Con Biden presidente abbiamo assistito a:

  • Rifinanziamento americano dell’Autorità Palestinese e dell’UNRWA e un conseguente drastico aumento del terrorismo antiebraico sfociato nell’eccidio del 7 ottobre 2023.
  • Creazione da parte del Consiglio per i diritti umani dell’ONU, nel maggio del 2021, di una “commissione perpetua” (unico caso al mondo) per investigare i “crimini” di Israele.
  • Risoluzione dell’Assemblea Generale, il 30 dicembre 2022, con la quale si chiedeva alla Corte Internazionale di Giustizia un parere consultivo (quello fatto venerdì 19 luglio) in merito alla legalità dell’occupazione dei “territori palestinesi” da parte di Israele.
  • Accusa di genocidio a carico di Israele presso la Corte di Giustizia Internazionale, gennaio 2024, presentata dal Sud Africa e non cassata dalla Corte.
  • Riconoscimento, nel maggio 2024, dell’inesistente “Stato” di Palestina, come Stato membro dell’Assemblea Generale e non più come Stato osservatore. Questo ha portato, come conseguenza politica, al riconoscimento dell’inesistente “Stato” di Palestina da parte di Irlanda, Norvegia, Spagna e Slovenia.

Questi sono, solo, i capitoli principali del libro sulla delegittimazione di Israele che si sta scrivendo all’ONU con la compiacenza americana, ma molto altro è avvenuto e sta avvenendo.

Questa agenda politica portata avanti dai democratici americani non ha, probabilmente, nelle loro intenzioni, lo scopo di distruggere Israele ma essi, probabilmente, non si rendono conto che la cosa sta loro sfuggendo di mano ed è ampiamente utilizzata dai paesi islamici per la loro agenda politica: cancellare l’unico Stato ebraico esistente. In pratica sono diventati un strumento politico in mano alle teocrazie islamiche che vogliono perseguire la distruzione di Israele e non la “pace” nella regione, a meno che la “pace” non coincida con la distruzione dello Stato ebraico (cosa sempre più evidente).

Soluzione.

Israele è troppo piccolo e debole per vincere la guerra all’ONU. Solo gli USA possono farlo. Come?
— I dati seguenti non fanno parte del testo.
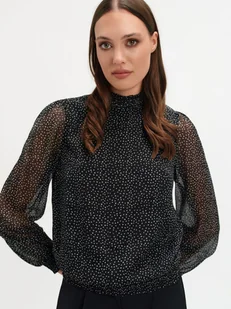 Elegancka bluzka w groszki na stójce to idealny wybór dla każdej modnej kobiety, szukającej wyjątkowego elementu garderoby. Wyjątkowy wzór z drobnymi groszkami nadaje bluzce subtelny, a zarazem stylowy wygląd. Stójka dodaje jej wyrafinowania i elegancji, doskonale komponując się z lekkością materiału. Długie, transparentne rękawy wprowadzają nutę romantyzmu i sprawiają, że bluzka jest idealna zarówno na formalne okazje, jak i na codzienne wyjścia. Można ją z łatwością zestawić zarówno z eleganckimi spodniami, jak i z klasyczną spódnicą, tworząc stylizacje, które przyciągną uwagę.

Per prima cosa sperando che non vinca una amministrazione democratica alle prossime elezioni di novembre. Perché l’accelerazione che ha avuto, all’ONU, la guerra di delegittimazione contro Israele non ha precedenti e altri 4 anni potrebbero essere fatali ad Israele. Solo un personaggio come Trump, completamente fuori dagli schemi e imprevedibile, potrebbe portare gli Stati Uniti a sospendere tutti i finanziamenti che gli USA danno ai terroristi arabi, e alle organizzazioni internazionali, ad iniziare dall’ONU, che stanno facendo una guerra legale (lawfare) sempre più serrata ad Israele. Se questo non bastasse, gli USA dovrebbero lasciare l’ONU e chiudere il Palazzo di Vetro di New York. Lasciare che l’ONU si trasferisca altrove, magari a Ginevra, come negli anni ’20 e ’30 durante l’esistenza della Società delle Nazioni, e aspettare che imploda e si autodistrugga perché ormai capitanata da Stati canaglia sempre meno contrastati dalla UE. Infine, rifondarne una nuova attuando le riforme necessarie che impediscano agli Stati che non rispettano i basilari diritti umani di farne parte. Questa è l’unica concreta alternativa alla lenta ma inesorabile distruzione di Israele, grazie all’ONU ostaggio dei nemici di Israele.

Se a novembre dovessero vincere i democratici diventa molto più plausibile la scomparsa di Israele che la riforma dell’ONU.